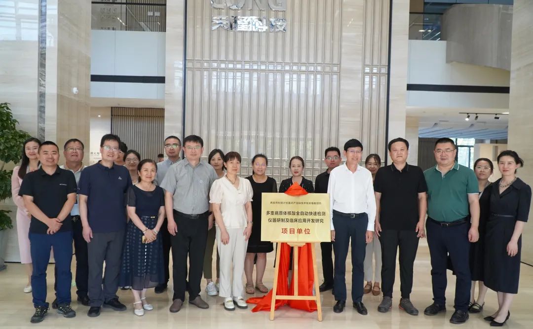 8月13日,由天隆科技牽頭主持的多重病原體核酸全自動快速檢測儀器研制及臨床應(yīng)用開發(fā)研究項(xiàng)目在天隆科技產(chǎn)業(yè)園正式啟動。該項(xiàng)目由西安市科技局審批,屬于西安市科技計(jì)劃重點(diǎn)產(chǎn)業(yè)鏈技術(shù)攻關(guān)集群項(xiàng)目,由西安天隆科技有限公司、西安交通大學(xué)第二附屬醫(yī)院、陜西省人民醫(yī)院、西安交通大學(xué)共同參與。
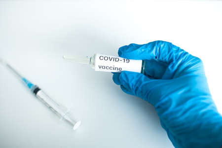 Doctor hand with blue gloves and Covid-19 vaccine
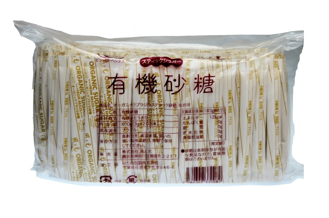 送料無料 風と光 有機砂糖 オーガニックブラジル砂糖 スティックシュガー(3g×200包)600gx2 セット

▸ **TASK DETAILS**:
All of the data is to be transcribed exactly, with images omitted.

▸ **EXERCISE SOLUTION**:
 8月13日,由天隆科技牽頭主持的多重病原體核酸全自動快速檢測儀器研制及臨床應(yīng)用開發(fā)研究項(xiàng)目在天隆科技產(chǎn)業(yè)園正式啟動。該項(xiàng)目由西安市科技局審批,屬于西安市科技計(jì)劃重點(diǎn)產(chǎn)業(yè)鏈技術(shù)攻關(guān)集群項(xiàng)目,由西安天隆科技有限公司、西安交通大學(xué)第二附屬醫(yī)院、陜西省人民醫(yī)院、西安交通大學(xué)共同參與。
 Doctor hand with blue gloves and Covid-19 vaccine
 送料無料 風と光 有機砂糖 オーガニックブラジル砂糖 スティックシュガー(3g×200包)600gx2 セット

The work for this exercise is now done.